■ **EXERCISE AIM**
Beginning at the line that contains "Hier finden Angelfans" and ending at the last line of the entries, write out each line exactly; include nothing outside that span.

■ **DATA SHOWN**
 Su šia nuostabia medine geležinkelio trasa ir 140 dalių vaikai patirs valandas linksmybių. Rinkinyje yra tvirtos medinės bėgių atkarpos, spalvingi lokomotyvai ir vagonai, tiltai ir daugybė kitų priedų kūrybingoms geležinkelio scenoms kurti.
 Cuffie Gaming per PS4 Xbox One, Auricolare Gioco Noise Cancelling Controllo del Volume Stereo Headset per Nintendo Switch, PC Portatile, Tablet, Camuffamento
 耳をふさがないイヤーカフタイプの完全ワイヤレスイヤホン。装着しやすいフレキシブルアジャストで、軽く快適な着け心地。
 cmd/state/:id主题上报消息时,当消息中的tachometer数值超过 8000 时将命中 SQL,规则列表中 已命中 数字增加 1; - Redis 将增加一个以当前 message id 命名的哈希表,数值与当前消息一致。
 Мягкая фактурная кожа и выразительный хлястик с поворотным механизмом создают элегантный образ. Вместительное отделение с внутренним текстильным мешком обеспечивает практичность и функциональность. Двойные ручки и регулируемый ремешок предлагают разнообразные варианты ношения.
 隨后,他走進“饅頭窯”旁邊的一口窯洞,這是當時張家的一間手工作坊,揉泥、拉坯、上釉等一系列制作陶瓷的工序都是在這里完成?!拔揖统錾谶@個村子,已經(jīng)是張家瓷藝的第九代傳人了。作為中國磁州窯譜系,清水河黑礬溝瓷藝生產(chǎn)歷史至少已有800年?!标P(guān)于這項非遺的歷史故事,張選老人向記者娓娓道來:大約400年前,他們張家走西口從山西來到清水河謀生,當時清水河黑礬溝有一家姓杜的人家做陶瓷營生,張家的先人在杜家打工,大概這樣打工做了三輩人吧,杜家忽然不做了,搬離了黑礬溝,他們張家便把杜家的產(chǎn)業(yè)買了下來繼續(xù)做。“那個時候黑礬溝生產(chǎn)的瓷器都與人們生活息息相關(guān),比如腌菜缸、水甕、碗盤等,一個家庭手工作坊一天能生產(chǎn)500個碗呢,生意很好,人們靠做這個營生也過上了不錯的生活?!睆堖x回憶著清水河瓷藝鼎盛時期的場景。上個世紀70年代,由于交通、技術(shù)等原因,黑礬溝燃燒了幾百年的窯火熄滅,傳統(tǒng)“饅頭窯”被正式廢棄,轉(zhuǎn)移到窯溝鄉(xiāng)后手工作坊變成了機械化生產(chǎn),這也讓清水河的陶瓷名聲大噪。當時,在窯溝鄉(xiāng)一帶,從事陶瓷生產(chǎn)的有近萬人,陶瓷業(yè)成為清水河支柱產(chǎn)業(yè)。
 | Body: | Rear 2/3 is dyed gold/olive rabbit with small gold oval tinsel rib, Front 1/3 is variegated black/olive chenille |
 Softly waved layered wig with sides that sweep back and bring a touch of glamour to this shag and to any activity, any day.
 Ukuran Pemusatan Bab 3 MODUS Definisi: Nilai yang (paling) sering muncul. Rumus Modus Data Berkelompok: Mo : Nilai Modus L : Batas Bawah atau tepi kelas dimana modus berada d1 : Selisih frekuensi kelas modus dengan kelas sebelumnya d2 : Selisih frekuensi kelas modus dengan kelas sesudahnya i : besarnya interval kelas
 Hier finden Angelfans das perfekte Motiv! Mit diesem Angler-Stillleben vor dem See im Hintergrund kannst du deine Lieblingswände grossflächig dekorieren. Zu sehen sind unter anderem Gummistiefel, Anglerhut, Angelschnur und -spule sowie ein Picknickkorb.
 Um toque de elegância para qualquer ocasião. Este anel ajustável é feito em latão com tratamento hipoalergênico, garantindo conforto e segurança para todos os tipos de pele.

■ **ANSWER SPACE**
 Hier finden Angelfans das perfekte Motiv! Mit diesem Angler-Stillleben vor dem See im Hintergrund kannst du deine Lieblingswände grossflächig dekorieren. Zu sehen sind unter anderem Gummistiefel, Anglerhut, Angelschnur und -spule sowie ein Picknickkorb.
 Um toque de elegância para qualquer ocasião. Este anel ajustável é feito em latão com tratamento hipoalergênico, garantindo conforto e segurança para todos os tipos de pele.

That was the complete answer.